The most direct effect of high oil prices is increased import costs. According to the General Administration of Customs, China imported 44.95 million tons of crude oil in the first quarter of this year, up 14.9% year-on-year. Net imports of refined oil reached 5.47 million tons, a 31.8% increase compared to the same period last year. The trade deficit caused by these imports totaled nearly $33.1 billion.
Wang also emphasized that as a basic energy product, the rising cost of oil is pushing up China’s industrial ex-factory prices (PPI), increasing inflationary pressures. According to data from the National Bureau of Statistics, crude oil prices rose by 37.9% year-on-year in March. Gasoline, diesel, and kerosene prices increased by 9.9%, 10.9%, and 12.1% respectively, while butadiene rubber prices jumped 20.7%. From January to March, China’s PPI rose by 6.9%, and raw material, fuel, and power purchase prices increased by 9.8%.
To curb inflation, China has not adjusted its refined oil retail prices since November last year. However, as domestic crude oil prices have diverged further from international levels, refining companies have suffered losses, leading to shutdowns or reduced operations, particularly among local refineries. This has resulted in tight oil supplies in some regions across the country.
In the first quarter, China’s petrochemical industry recorded its first profit decline since 2001. China National Petroleum Corporation and Sinopec saw their net profits fall by 12.6% and 65.78%, respectively, due to refining losses.

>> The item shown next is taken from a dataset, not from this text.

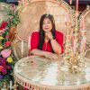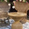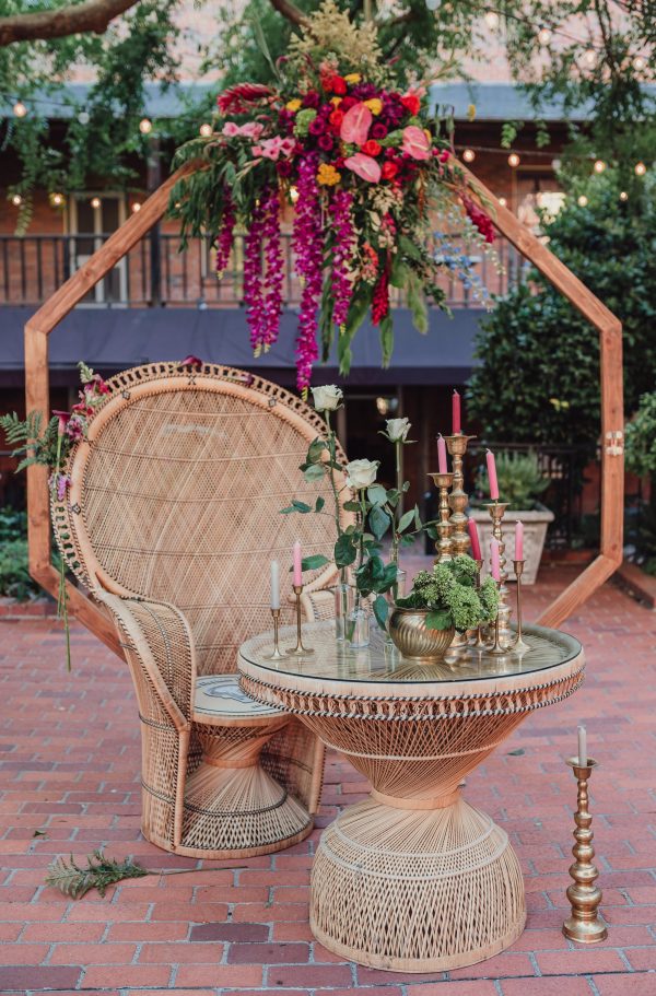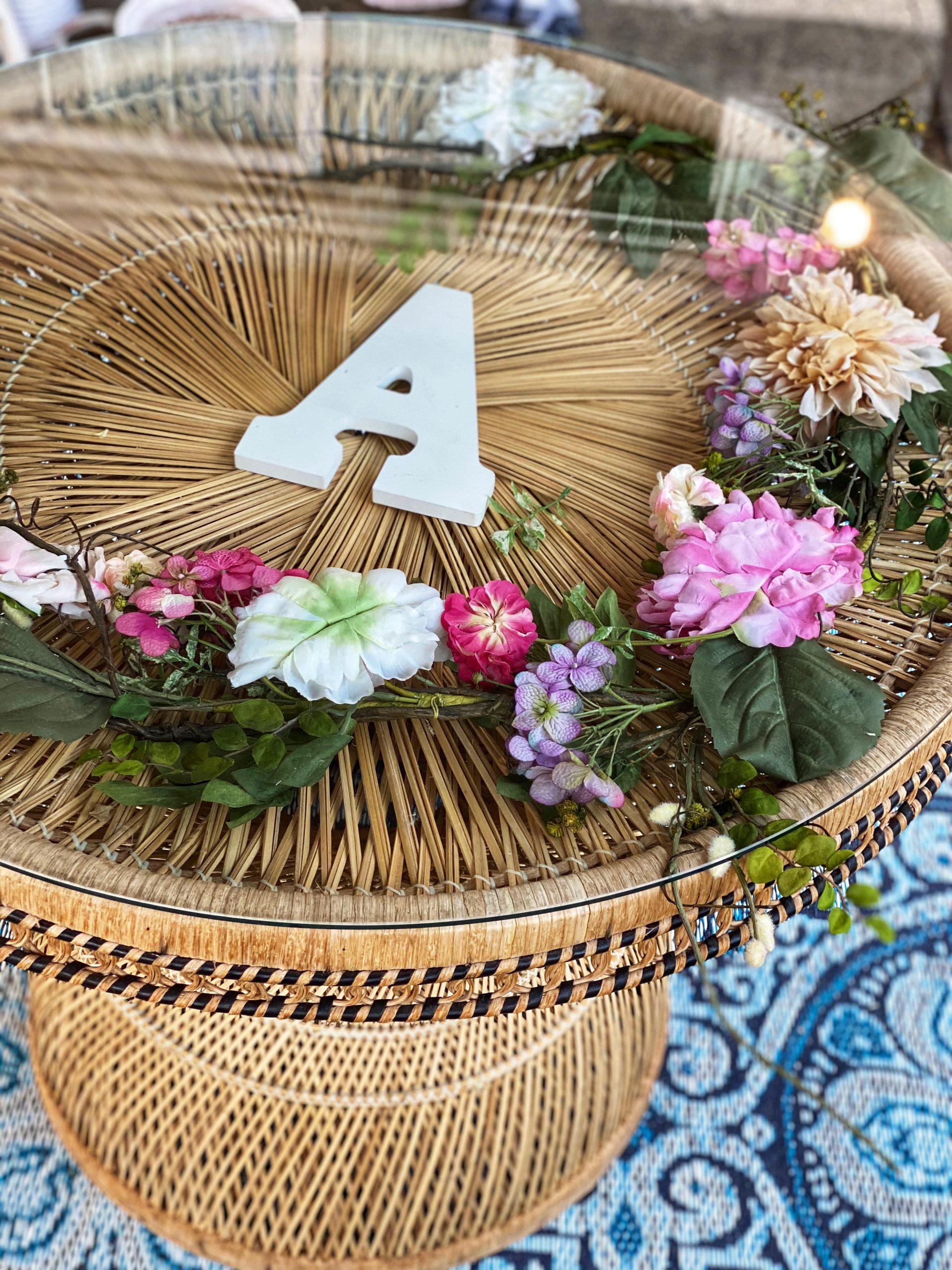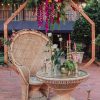 Gorgeous vintage round “peacock” table with glass top. 36″ in diameter. Size makes a perfect sweetheart table to pair with any one of our 16+ peacock chairs. Contact us for more available vintage furniture and decor!
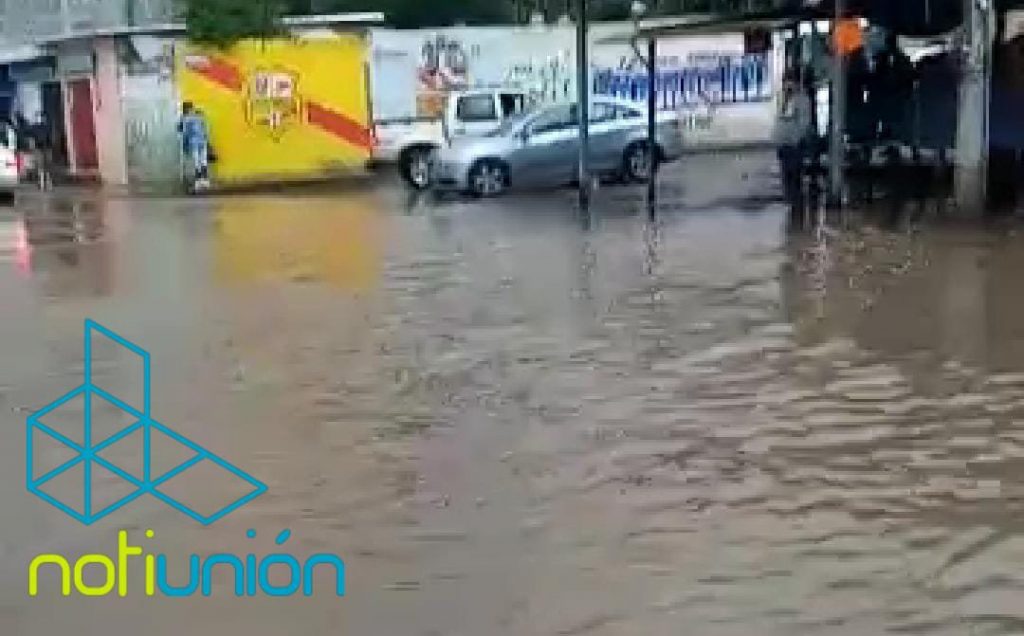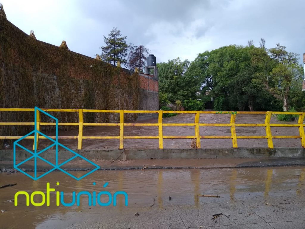 Al momento el río se alcanza a apreciar lleno en su totalidad, al grado de desbordarse y continuar con el flujo de agua por la avenida principal del pueblo, logrando entrar el agua a domicilios particulares, negocios cercanos, así como a las parcelas.

Experts agree that shifting toward a more sustainable economic model is essential. Despite the rising oil prices, China’s oil consumption continues to grow. According to the China Petroleum and Chemical Industry Association, apparent refined oil consumption in the first quarter rose by 16.5% year-on-year, a record increase. Crude oil consumption also grew by 8%, 2.5 percentage points faster than the same period last year.
Zhou Dadi, a researcher at the National Development and Reform Commission’s Energy Research Institute, stressed that as a major oil consumer, China must accelerate economic restructuring, implement energy-saving measures, and promote a more efficient energy structure to cope with the challenges posed by high oil prices.
Wang Jian believes that in the long term, China should establish pricing and fiscal policies that support industrial restructuring, ensuring that high oil price signals reach the market quickly and drive changes in energy consumption and industrial structures.